Nel brano citato, la genesi di questo paradigma resta appena adombrata, apparendo il “soggetto” un mero risultato linguistico; e tuttavia sarebbe un errore fermarsi all'impressione che sia la grammatica, di per sé, a richiedere l'isolamento di un soggetto agente in grado di sostenere l'onere della predicazione. La lingua ha per Nietzsche una funzione eminentemente pratica, comunicativa e sociale. Come sottolinea opportunamente de Man, questo soggetto “fittiziamente aggiunto al fare” non è tanto un'esigenza grammaticale, bensì, eventualmente, un'esigenza retorica, perché il termine hinzugedichtet, “aggiunto per invenzione poetica”84,

rimanda chiaramente al contesto della scrittura creativa, dell'immaginazione, e dell'interpretazione mitologica; a quel contesto così temuto da Austin da fargli concepire una teoria linguistica priva di punti di riferimento per l'interpretazione degli usi retorici del linguaggio. Lo scambio dell'effetto per la causa, non a caso, è uno dei procedimenti più frequenti alla base della costruzione dei miti dei popoli antichi85.

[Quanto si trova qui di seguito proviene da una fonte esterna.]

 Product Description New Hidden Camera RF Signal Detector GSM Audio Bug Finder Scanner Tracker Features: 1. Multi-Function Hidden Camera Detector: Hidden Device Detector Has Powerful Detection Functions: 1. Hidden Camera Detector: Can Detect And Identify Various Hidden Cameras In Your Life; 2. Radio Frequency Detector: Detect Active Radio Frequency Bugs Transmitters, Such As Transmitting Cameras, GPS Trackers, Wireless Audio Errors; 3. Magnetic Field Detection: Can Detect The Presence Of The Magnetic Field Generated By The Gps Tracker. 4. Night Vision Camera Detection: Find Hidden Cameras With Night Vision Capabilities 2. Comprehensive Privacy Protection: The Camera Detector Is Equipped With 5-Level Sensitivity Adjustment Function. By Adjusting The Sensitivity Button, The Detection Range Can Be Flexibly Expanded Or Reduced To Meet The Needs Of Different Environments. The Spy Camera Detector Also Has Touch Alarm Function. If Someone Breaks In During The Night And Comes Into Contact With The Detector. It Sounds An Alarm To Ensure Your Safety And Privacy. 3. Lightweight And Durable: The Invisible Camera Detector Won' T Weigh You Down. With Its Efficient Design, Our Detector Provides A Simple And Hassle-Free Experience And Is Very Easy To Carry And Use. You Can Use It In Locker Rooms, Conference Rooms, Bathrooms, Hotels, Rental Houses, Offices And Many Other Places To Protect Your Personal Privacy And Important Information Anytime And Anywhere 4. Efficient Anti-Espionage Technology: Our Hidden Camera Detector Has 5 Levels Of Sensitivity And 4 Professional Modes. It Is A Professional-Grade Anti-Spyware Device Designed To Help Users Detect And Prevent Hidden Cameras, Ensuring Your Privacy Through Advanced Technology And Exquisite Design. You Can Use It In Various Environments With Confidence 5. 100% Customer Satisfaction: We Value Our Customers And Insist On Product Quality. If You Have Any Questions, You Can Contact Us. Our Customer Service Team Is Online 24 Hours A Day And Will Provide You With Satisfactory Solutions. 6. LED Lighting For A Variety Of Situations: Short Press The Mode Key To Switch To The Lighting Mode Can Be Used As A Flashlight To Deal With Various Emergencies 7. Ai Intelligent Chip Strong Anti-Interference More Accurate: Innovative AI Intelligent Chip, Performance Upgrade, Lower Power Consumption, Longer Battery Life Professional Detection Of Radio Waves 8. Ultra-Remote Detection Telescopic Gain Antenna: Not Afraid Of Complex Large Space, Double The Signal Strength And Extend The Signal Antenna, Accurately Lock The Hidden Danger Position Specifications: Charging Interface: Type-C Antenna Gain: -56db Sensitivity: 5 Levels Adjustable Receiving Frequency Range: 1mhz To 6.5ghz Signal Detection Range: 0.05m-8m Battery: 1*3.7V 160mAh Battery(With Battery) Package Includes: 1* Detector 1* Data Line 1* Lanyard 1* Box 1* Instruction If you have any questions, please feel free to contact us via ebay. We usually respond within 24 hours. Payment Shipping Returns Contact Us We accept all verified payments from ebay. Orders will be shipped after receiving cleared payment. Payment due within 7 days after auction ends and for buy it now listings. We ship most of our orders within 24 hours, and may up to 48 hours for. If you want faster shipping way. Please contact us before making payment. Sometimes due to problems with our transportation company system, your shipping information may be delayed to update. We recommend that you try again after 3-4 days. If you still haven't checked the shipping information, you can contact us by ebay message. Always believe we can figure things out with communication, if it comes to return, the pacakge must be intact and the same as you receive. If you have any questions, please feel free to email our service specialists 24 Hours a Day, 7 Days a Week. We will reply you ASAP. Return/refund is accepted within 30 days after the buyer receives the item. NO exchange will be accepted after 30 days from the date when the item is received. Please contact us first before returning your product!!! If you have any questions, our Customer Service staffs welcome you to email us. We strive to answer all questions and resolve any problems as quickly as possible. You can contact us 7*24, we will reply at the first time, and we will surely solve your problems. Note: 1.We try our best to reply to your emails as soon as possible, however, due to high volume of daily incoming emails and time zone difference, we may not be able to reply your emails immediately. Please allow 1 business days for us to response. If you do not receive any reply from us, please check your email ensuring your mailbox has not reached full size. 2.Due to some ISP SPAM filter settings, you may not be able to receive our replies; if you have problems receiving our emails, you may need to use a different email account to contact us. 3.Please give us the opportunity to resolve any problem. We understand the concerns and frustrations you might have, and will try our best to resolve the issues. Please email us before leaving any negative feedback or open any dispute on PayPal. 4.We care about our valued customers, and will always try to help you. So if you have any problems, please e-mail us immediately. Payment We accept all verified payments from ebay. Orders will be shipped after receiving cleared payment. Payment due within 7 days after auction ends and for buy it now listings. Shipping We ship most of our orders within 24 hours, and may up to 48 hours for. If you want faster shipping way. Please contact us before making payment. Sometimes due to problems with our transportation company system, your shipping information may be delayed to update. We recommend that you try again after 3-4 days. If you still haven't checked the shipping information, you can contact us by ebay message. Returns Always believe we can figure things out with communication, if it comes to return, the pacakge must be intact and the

Se la lingua di cui ci serviamo quotidianamente opera in maniera retorica, cioè tale da costruire “figure” a nostro uso e consumo, il cui valore conoscitivo è sempre parziale e prospettico, ciò è dovuto, secondo Nietzsche, a una “matrice” di natura morale e politica che, di fatto, vanifica la tesi di un soggetto-origine. Dato che questo presunto soggetto conosce se stesso solo “retrospettivamente”, nel momento in cui esamina le proprie azioni e l'immagine che la società gli rimanda, l'autocoscienza può dirsi un'esperienza interamente “retorica”

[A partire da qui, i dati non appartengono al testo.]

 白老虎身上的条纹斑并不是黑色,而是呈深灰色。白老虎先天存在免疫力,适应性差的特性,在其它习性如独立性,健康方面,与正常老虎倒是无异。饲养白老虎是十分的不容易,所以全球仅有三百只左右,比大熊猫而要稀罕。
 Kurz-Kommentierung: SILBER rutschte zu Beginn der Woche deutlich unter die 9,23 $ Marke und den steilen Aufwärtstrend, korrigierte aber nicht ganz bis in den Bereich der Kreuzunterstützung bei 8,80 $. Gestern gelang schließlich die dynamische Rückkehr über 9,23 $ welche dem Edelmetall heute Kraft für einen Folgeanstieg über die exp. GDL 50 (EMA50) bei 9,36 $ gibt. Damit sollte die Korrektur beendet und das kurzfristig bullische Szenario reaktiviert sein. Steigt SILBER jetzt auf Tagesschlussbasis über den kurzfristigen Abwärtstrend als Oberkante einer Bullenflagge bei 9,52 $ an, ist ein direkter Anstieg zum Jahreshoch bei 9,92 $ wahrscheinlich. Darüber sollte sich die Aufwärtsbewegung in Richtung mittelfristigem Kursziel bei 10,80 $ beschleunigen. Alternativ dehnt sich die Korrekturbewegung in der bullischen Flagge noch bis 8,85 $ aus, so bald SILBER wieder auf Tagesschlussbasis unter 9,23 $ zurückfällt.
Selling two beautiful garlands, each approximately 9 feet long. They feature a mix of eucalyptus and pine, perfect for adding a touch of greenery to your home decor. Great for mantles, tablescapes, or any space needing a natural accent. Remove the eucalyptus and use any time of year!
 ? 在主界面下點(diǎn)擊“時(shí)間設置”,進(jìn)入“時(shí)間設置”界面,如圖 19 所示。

perché sempre mediata dai “prodotti” finzionali che l'io stesso produce dietro un impulso

proveniente dal mondo sociale. Tali prodotti finzionali, per Butler, non sono altro che le categorie che designano le identità socialmente intelligibili e le separano dalle identità impossibili.

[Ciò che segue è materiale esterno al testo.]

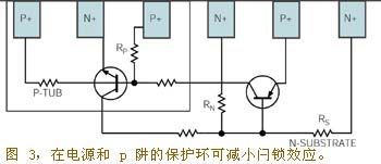 你可使用CMOS布局技術來防止閂鎖效應,因為CMOS布局技術可監(jiān)控ESD瞬變會進入器件的各部位:器件的電源引腳、輸入引腳和輸出引腳。你應降低晶體管(PNP和NPN)的增益,并提高閂鎖效應的閾值,方法是加大器件結構中P溝道Tub與P溝道漏極之間的間隔。在電源和p-tub上連接p+和n+保護環(huán)也可以降低晶體管增益,提高閂鎖效應的閾值(圖3)。防止閂鎖效應的其他工藝技術有:提高阱深度以減少寄生晶體管的增益;采用絕緣襯底(如藍寶石硅)以降低tub和襯底中的電流,;在每個阱下面采用埋層或外延層(圖4)。

84 «L'uso del termine “hinzugedichtet” (“aggiunto per invenzione poetica”), come anche il contesto, indicano che l'azione è qui concepita in stretto rapporto con gli atti linguistici della scrittura, della lettura e

dell'interpretazione»: P. DE MAN, op. cit., p. 137.

85 La stessa relazione causale, il fondamento di ogni gnoseologia, scienza e sapere filosofico, non sarebbe, secondo Nietzsche, estranea ai medesimi “moti affettivi” che animano la superstizione: «il volgo, in fondo, duplica il fare; allorché vede il fulmine mandare un barbaglio, questo è un far-fare: pone lo stesso evento prima come causa, e poi ancora una volta come effetto di essa. I naturalisti non agiscono in modo migliore quando dicono: “La forza muove, la forza cagiona” e simili – la nostra intera scienza, a onta di tutta la sua freddezza, della sua estraneità a moti affettivi, sta ancora sotto la seduzione della lingua e non si è sbarazzata di questi falsi infanti supposti [Wechselbälge], i “soggetti” (l'atomo è, per esempio, un siffatto infante supposto, così come la kantiana “cosa in sé”)»: F. NIETZSCHE, Genealogia della morale, cit., p. 244. Il

termine Wechselbalg, il “bambino scambiato” nella culla dagli elfi o dal Diavolo, secondo le credenze popolari medievali, compare in questo passo proprio a dimostrazione della vicinanza sussistente, secondo Nietzsche, tra conoscenza scientifica e superstizione.